“Bir LGBTİ+ olarak insanlara bir şeyler öğretmem bekleniyor. Google muamelesi görmek hoş değil. Ama okuldaki lubunya ortamını hiçbir şeye değişmem.”
ÜniKuir olarak, birkaç ay sonra kampüslere güneş gibi doğacak lubunyalar için pek çok üniversitedeki LGBTİ+ özneden deneyim aktarımları almak için yola koyulduk.
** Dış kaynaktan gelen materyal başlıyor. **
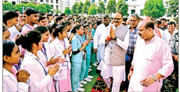
कार्यक्रम में मुख्य अतिथि के रूप में पहुंचे डिप्टी सीएम ब्रजेश पाठक।

उन्होंने कहा कि देशवासियों पर अत्याचार करने वाली कांग्रेस को देश की जनता कभी माफ नहीं

Lubunya Tercih Yapıyor (LTY) serisinde, kampüs güvenliğinden barınma sorunlarına, ders içeriklerinden burs imkanlarına, üniversite personelinin tutumlarından şehirdeki koli fırsatlarına kadar pek çok şeyden konuşacağız.
Elbette bu seri, tek bir lubunyanın belirli bir dönem içindeki deneyimini kapsıyor. Üniversitenin farklı kampüslerin, farklı bölümlerinden hatta aynı dersi alan lubunyaların tecrübe ettiklerinin dahi birbirinin aksi olabileceğini göz önünde bulunduruyoruz. Çünkü hepimizin deneyimi biricik.
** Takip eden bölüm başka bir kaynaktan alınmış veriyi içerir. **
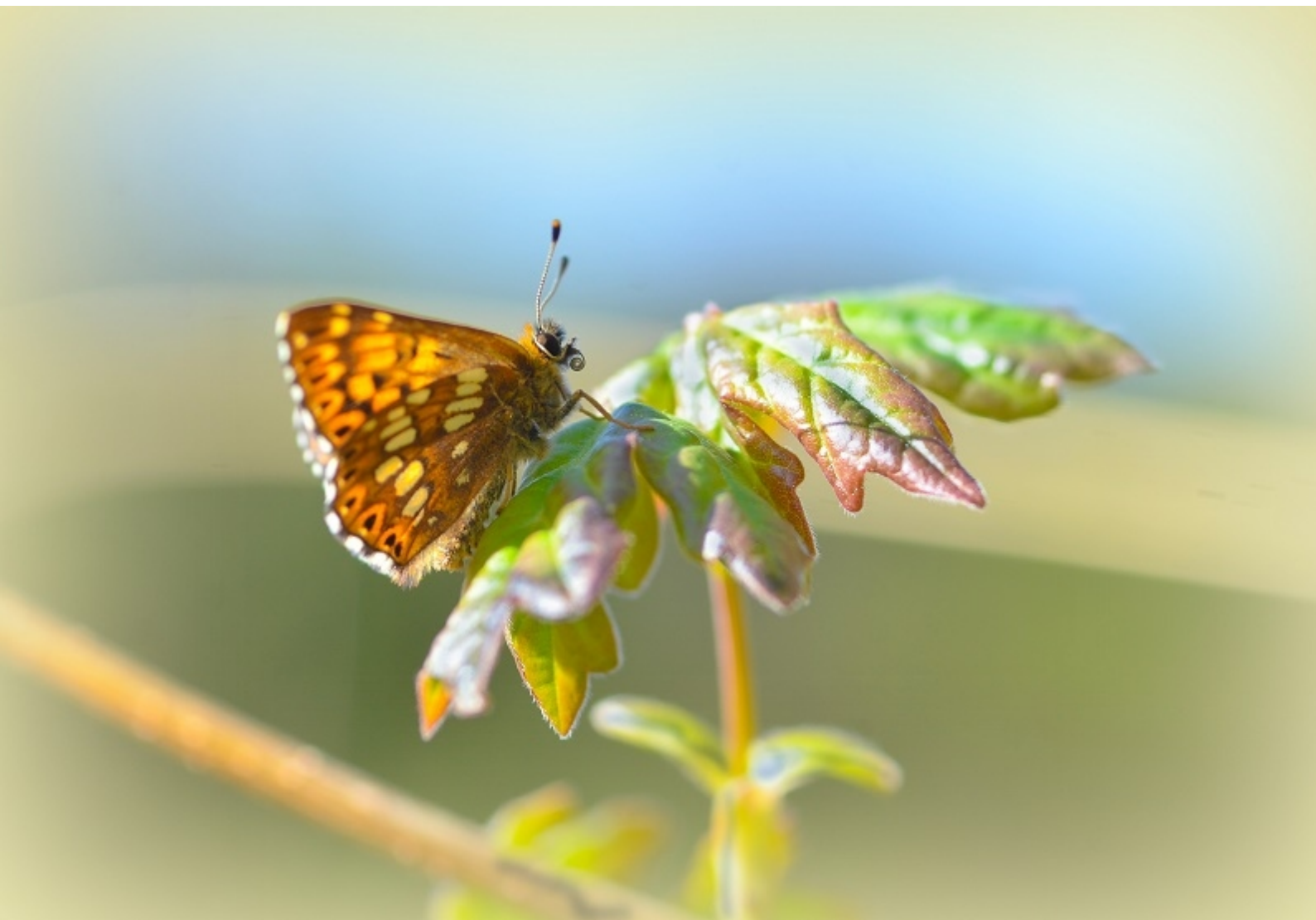
rjavi šekavček ( Hamearis lucina )

Üniversiteli LGBTİ+ olmak hakkında daha çok deneyimi görünür kılmak ümidiyle oluşturduğumuz serinin altıncı konuğu Koç Üniversitesi'nden Teo.
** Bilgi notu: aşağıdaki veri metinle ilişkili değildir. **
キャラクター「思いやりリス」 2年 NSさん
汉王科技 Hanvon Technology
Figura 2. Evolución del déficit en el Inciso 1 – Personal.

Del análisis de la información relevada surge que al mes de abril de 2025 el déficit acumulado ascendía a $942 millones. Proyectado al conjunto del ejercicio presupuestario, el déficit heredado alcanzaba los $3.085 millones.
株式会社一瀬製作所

LTY Serisi #5: Aydın Adnan Menderes Üniversitesi’nden Sidar G. anlatıyor
Teo, Koç Üniversitesi’nde Medya ve Görsel Sanatlar bölümünde. Koç’a gelmeden önce burslu olduğu için akranları tarafından ayrımcılık yaşayacağı beklentilerinin boşa çıktığını söyleyen Teo, pandemiden aldığı darbeye rağmen kampüs ortamının hala çok renkli olduğunu aktarıyor. Ormanın ortasında bir kampüste okumanın ise ona çok ilginç bir İstanbul deneyimi sunduğunu söylüyor.
Üniversite deneyimini bubble’da (baloncuk – izole ortam manasında) yaşamaya benzeten Teo, güvenli alan olarak gördüğü kampüsünden şehir merkezine geçtiğinde kimi zaman şoka uğradığını ifade ediyor. Değişim programlarından ders içeriklerine, kampüste çalışarak gelir sağlamaktan burslara Koç Üniversitesi’ndeki işleyişi tek tek özetleyen Teo , yurtlardaki ikili cinsiyet sorununa ise geçmeden etmiyor: “Binadaki ortak mutfağa dahi girmek yasak, ‘karşı cins’ olanlara.”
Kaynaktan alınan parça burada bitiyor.